Aim of the task:
Since pictures are not part of the copy, please output only the lines from the one with "Ponto facultativo no dia 03 de fevereiro!" through the end of the data below, exactly as written.

─── Raw data

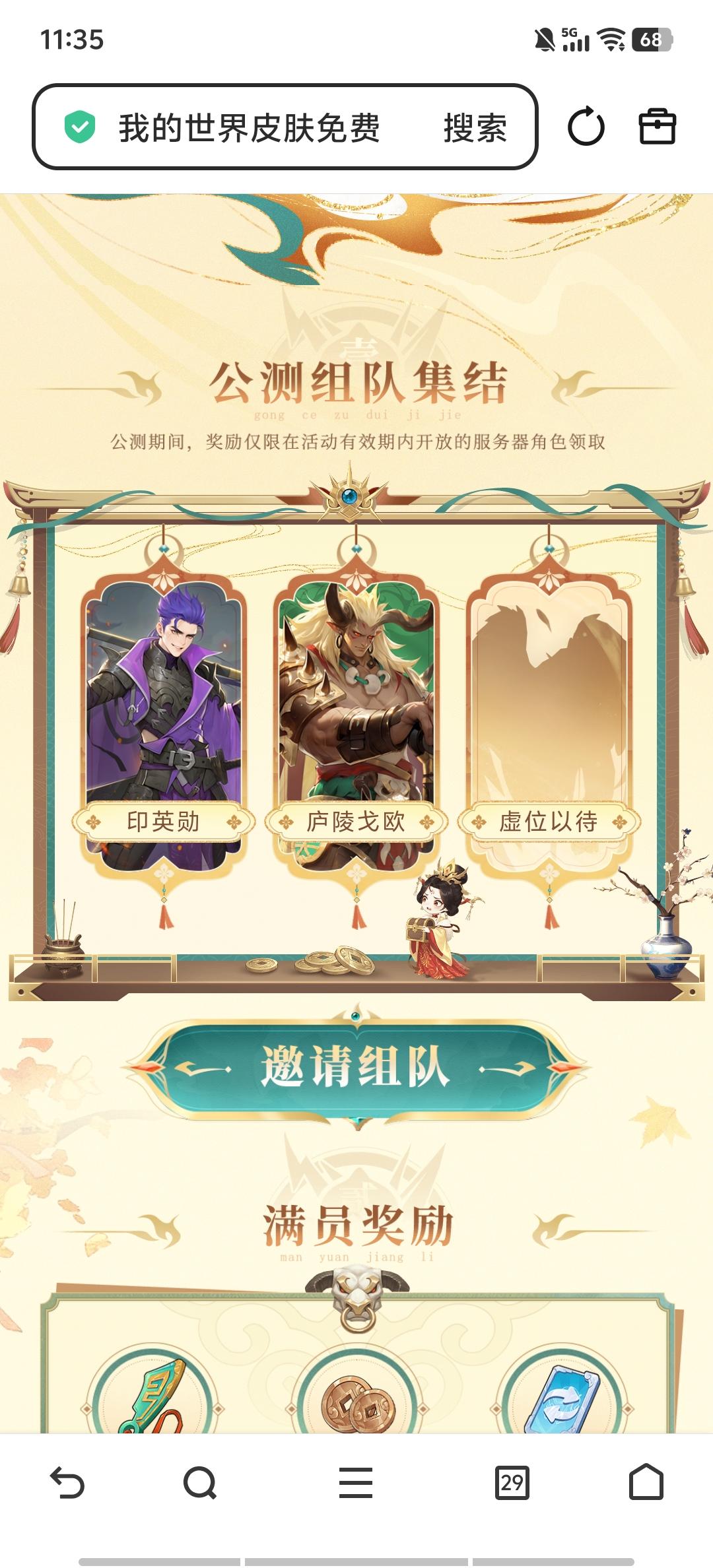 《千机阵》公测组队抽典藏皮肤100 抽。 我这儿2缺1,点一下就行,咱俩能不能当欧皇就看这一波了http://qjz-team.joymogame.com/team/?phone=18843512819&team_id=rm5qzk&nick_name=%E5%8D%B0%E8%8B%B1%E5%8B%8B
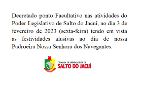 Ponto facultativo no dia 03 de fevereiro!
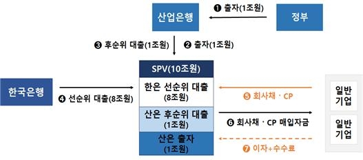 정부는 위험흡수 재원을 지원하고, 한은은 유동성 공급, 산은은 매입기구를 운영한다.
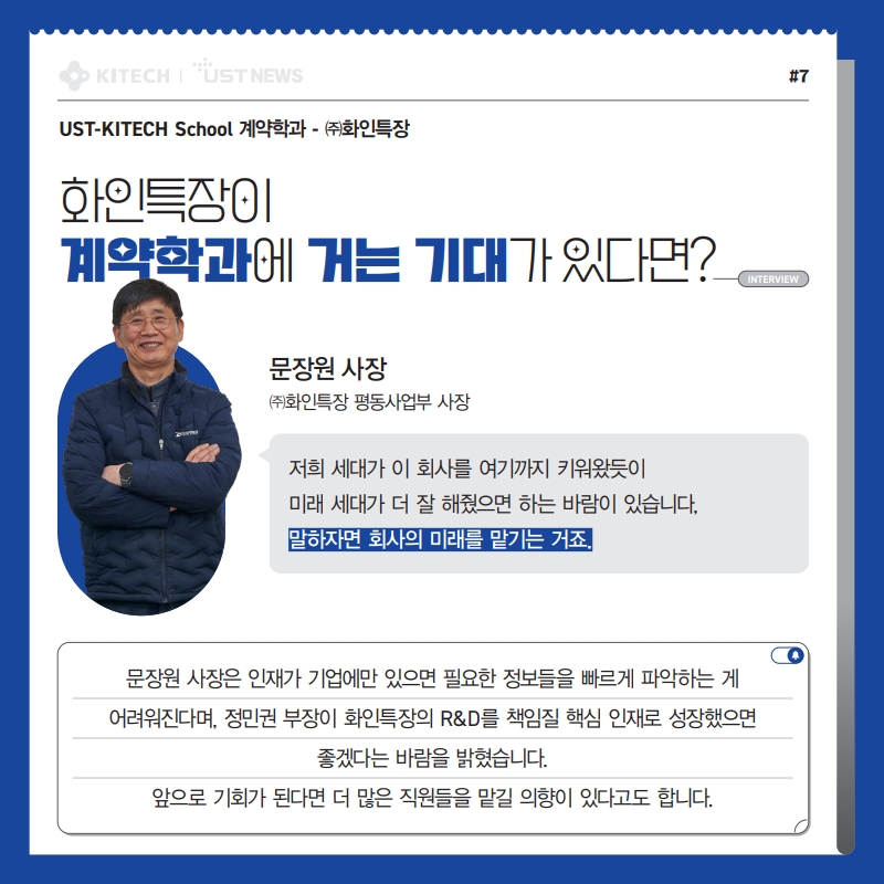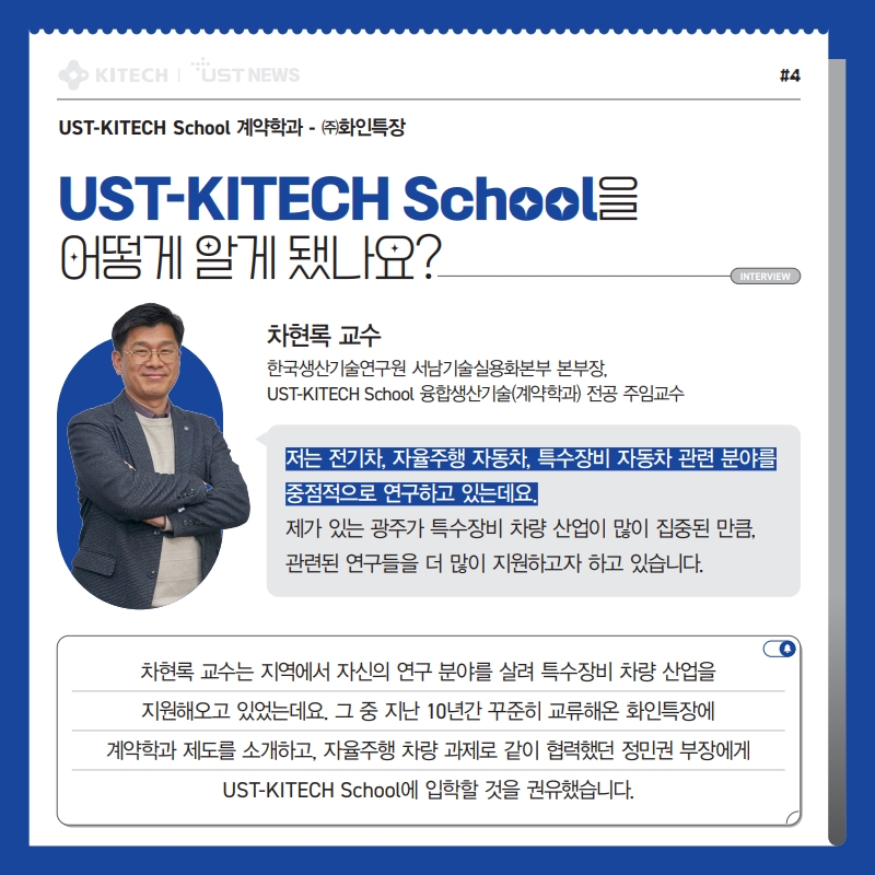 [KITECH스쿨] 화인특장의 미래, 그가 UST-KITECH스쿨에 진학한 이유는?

──────

Answer section:
 Ponto facultativo no dia 03 de fevereiro!
 정부는 위험흡수 재원을 지원하고, 한은은 유동성 공급, 산은은 매입기구를 운영한다.
 [KITECH스쿨] 화인특장의 미래, 그가 UST-KITECH스쿨에 진학한 이유는?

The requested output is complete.